3. An invitation to Italy
After dabbling in German-style operas during his early years in Hamburg, Handel travelled to Italy on an invitation from a member of the House of Medici. He stayed for three years to study Italian music and develop his talent as a composer. While in Florence in 1707 he wrote his first Italian opera, Rodrigo, but it was not particularly successful. He moved to Rome and focused on composing cantatas and oratorios, since opera performances were banned by a papal decree. There, he was introduced to Cardinal Vincenzo Grimani, a prominent diplomat who wrote librettos in his spare time and acted as an unofficial theater agent for the royal courts in Italy. He took Handel under his wings and gave him his libretto for Agrippina.
4. Poking fun
Grimani was politically allied to the Habsburgs. He protected their interests at the Vatican, which led to frequent clashes with Pope Clement XI. His portrayal of Emperor Claudius in Agrippina has been seen as an oblique attack on the character of the pope. Borrowing the same setting as Claudio Monteverdi’s 1642 opera L'incoronazione di Poppea, Grimani’s libretto is much lighter in tone by comparison and is interesting for its dominance of arias over recitative. Handel set the cardinal’s text to music either in Naples or Venice and the completed opera was first produced in 1709 at Teatro San Giovanni Grisostomo, a Venetian theatre owned by the Grimanis. It proved an immediate success and an unprecedented series of 27 consecutive performances followed.
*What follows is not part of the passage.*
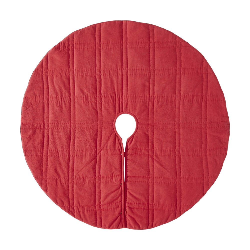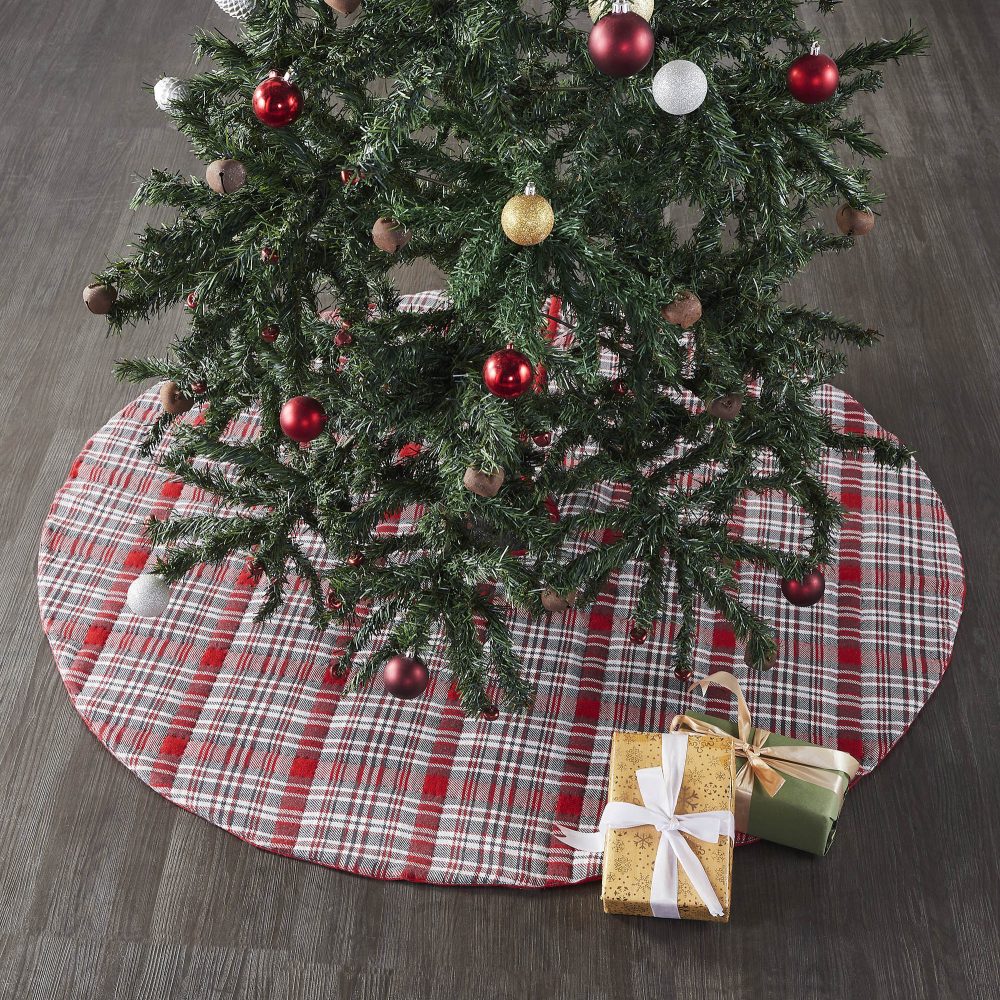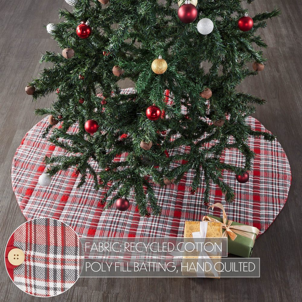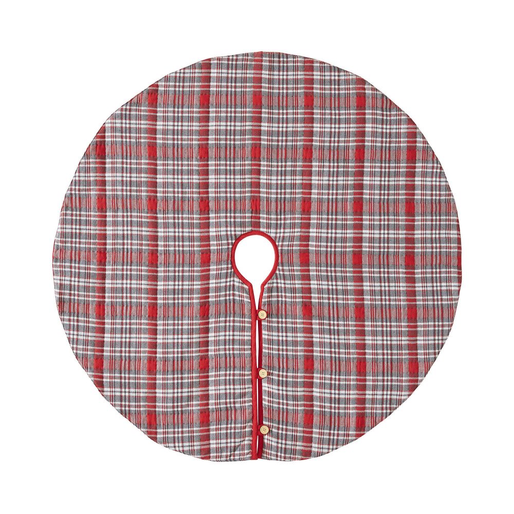 Add rustic style to your Christmas traditions with the Gregor Plaid Tree Skirt. The round tree skirt features a 48 inch diameter. A bright red base with white and grey tartan plaid stripes add country style for a timeless Christmas look. The classic red Christmas tree skirt is made for yearly use with a cotton base and quilted details designed to mimic the plaid striping. Pair with coordinating items from the Gregor Plaid Collection by VHC for a complete, festive holiday look.

The audience, thunderstruck with the grandeur and sublimity of his style, applauded for Il caro Sassone (‘the dear Saxon’), referring to Handel's German origins.
5. Handel in Hampshire
Despite the public's keen enthusiasm for the work, Agrippina saw only a few sporadic performances in the years after its premiere. By the mid-18th century, it had slipped into oblivion along with much of Handel’s other music. The 20th century, however, saw a renewed interest in the composer and his works. The opera was revived in Halle in 1943 and since then has become popular around the world, particularly in the United Kingdom and the United States of America. This new production by director Walter Sutcliffe takes place at The Grange Festival in Hampshire, a county that Handel visited a number of times after he settled in London. Robert Howarth conducts the Academy of Ancient Music, an orchestra with a worldwide reputation for excellence in baroque and classical music and which uses historically informed techniques and period-specific instruments to bring the music to life.